=== Provided data ===
==================================================
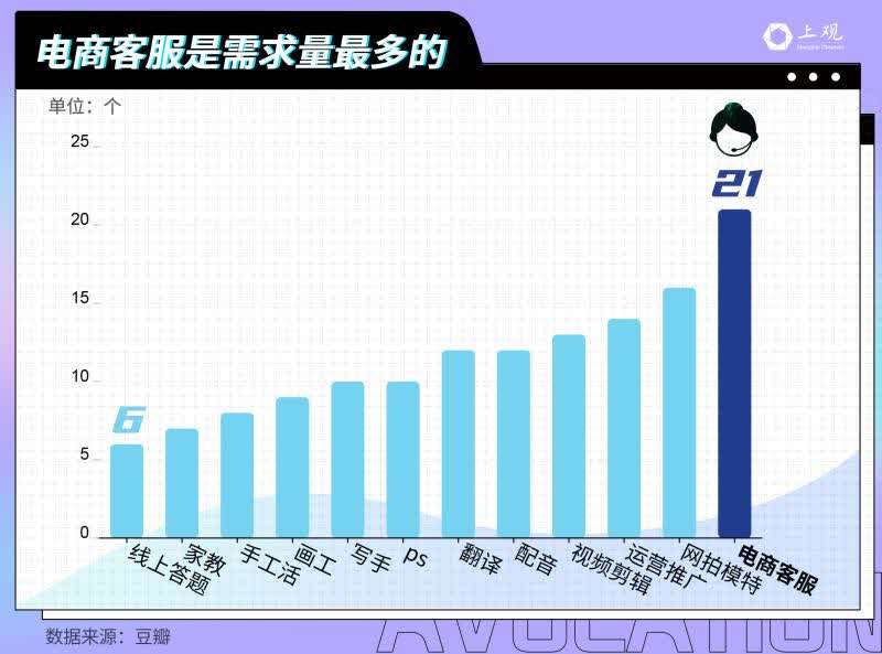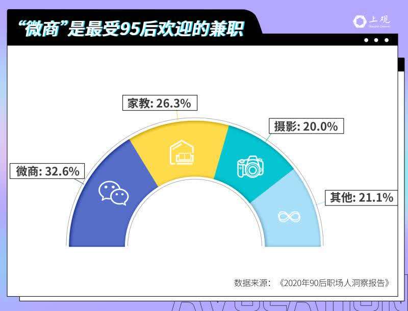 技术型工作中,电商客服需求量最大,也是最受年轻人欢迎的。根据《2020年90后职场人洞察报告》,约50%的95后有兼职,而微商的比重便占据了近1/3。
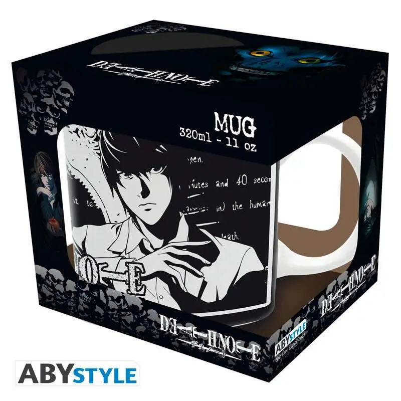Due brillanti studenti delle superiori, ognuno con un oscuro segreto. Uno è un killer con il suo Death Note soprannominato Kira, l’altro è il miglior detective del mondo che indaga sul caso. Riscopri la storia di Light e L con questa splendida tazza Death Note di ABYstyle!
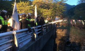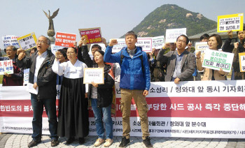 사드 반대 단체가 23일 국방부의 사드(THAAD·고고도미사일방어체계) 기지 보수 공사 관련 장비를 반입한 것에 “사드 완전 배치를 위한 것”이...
==================================================
=== Try it ===
Repeat the material above exactly. Leave every picture out of it.

=== Finished exercise ===
 技术型工作中,电商客服需求量最大,也是最受年轻人欢迎的。根据《2020年90后职场人洞察报告》,约50%的95后有兼职,而微商的比重便占据了近1/3。
Due brillanti studenti delle superiori, ognuno con un oscuro segreto. Uno è un killer con il suo Death Note soprannominato Kira, l’altro è il miglior detective del mondo che indaga sul caso. Riscopri la storia di Light e L con questa splendida tazza Death Note di ABYstyle!
 사드 반대 단체가 23일 국방부의 사드(THAAD·고고도미사일방어체계) 기지 보수 공사 관련 장비를 반입한 것에 “사드 완전 배치를 위한 것”이...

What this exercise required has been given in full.